Huawei CEO Richard Yu gives a press conference to present the new Huawei Balong 5G01, a 3GPP 5G commercial chipset on February 25, 2018 in Barcelona, on the eve of the inauguration of the Mobile World Congress (MWC).
Earlier this year, six top U.S. intelligence officials warned American consumers not to buy Huawei phones.
Yu addressed the tough conditions in the U.S., saying it’s not necessary to be in the market in order to grow.
“China and U.S. trade war is creating a higher barrier for us. Because the consumer business is so big, I think we can focus on other market rather than U.S. market,” he said.
“The market is so big, we don’t need to wait for the U.S. market.
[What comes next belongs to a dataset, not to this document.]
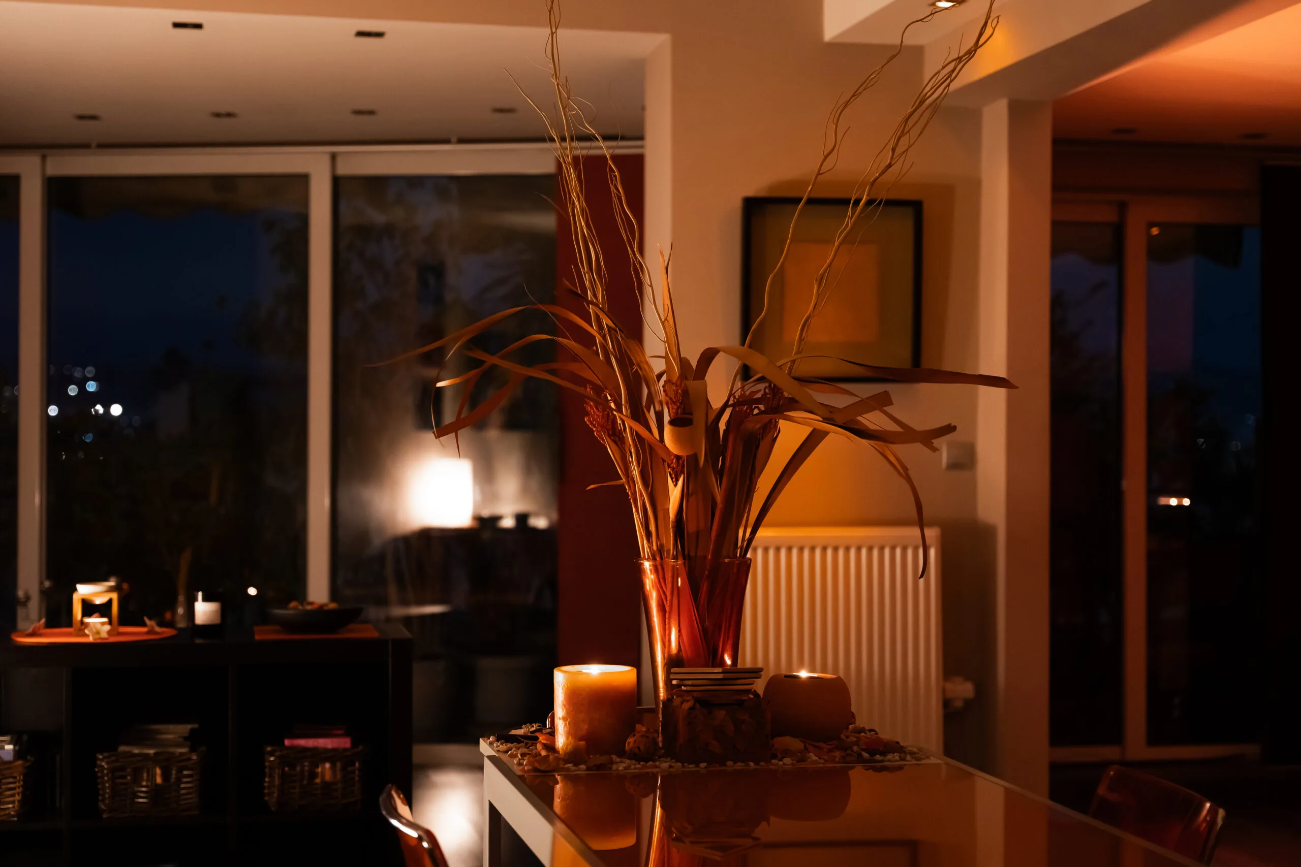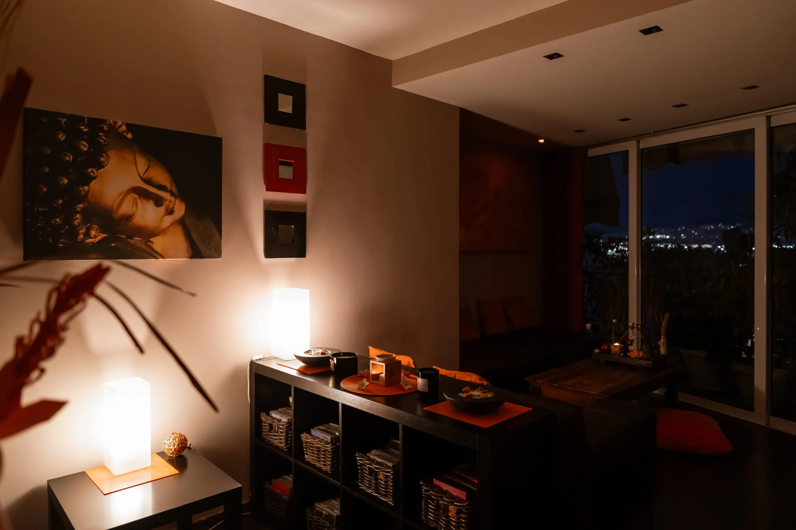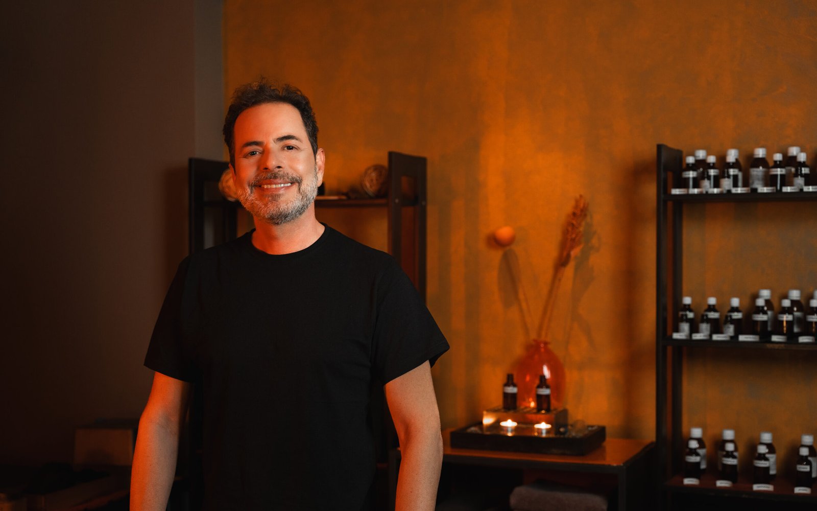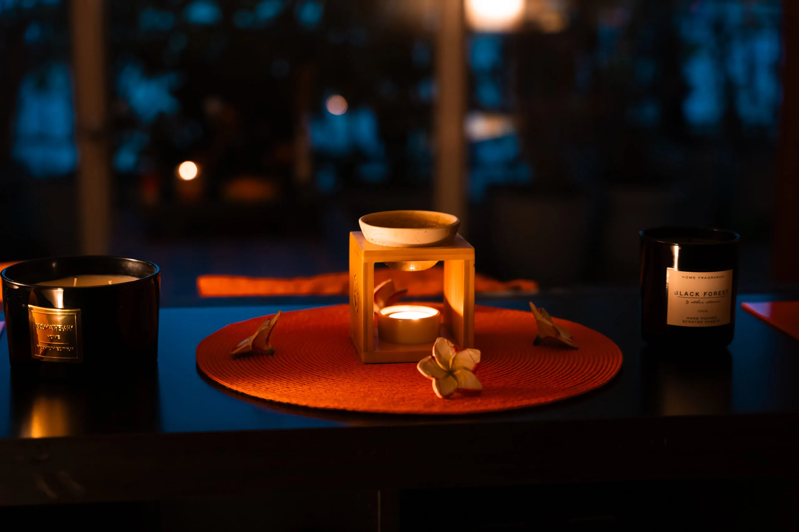 Color and smell are joined with the warmth of the candles and the calming music.

Instead we can put more energy on the global market,” Yu said, adding that Huawei hopes to return to the U.S. but will “have to be patient.”
Beyond politics, Huawei is facing stiff competition in the ever-evolving smartphone market.
Chinese vendors like Xiaomi, Oppo and Vivo are its key rivals, while Samsung won’t be dislodged from the number one spot easily.
Samsung Mobile’s CEO DJ Koh told CNBC in an interview in September that the company was switching its mid-tier smartphone strategy to bring more innovative features to its lower-priced phones, a move which could help it fend off the threat of Huawei. That strategy was seen with the Galaxy A9, the world’s first smartphone with a quad lens rear camera, which was released in October.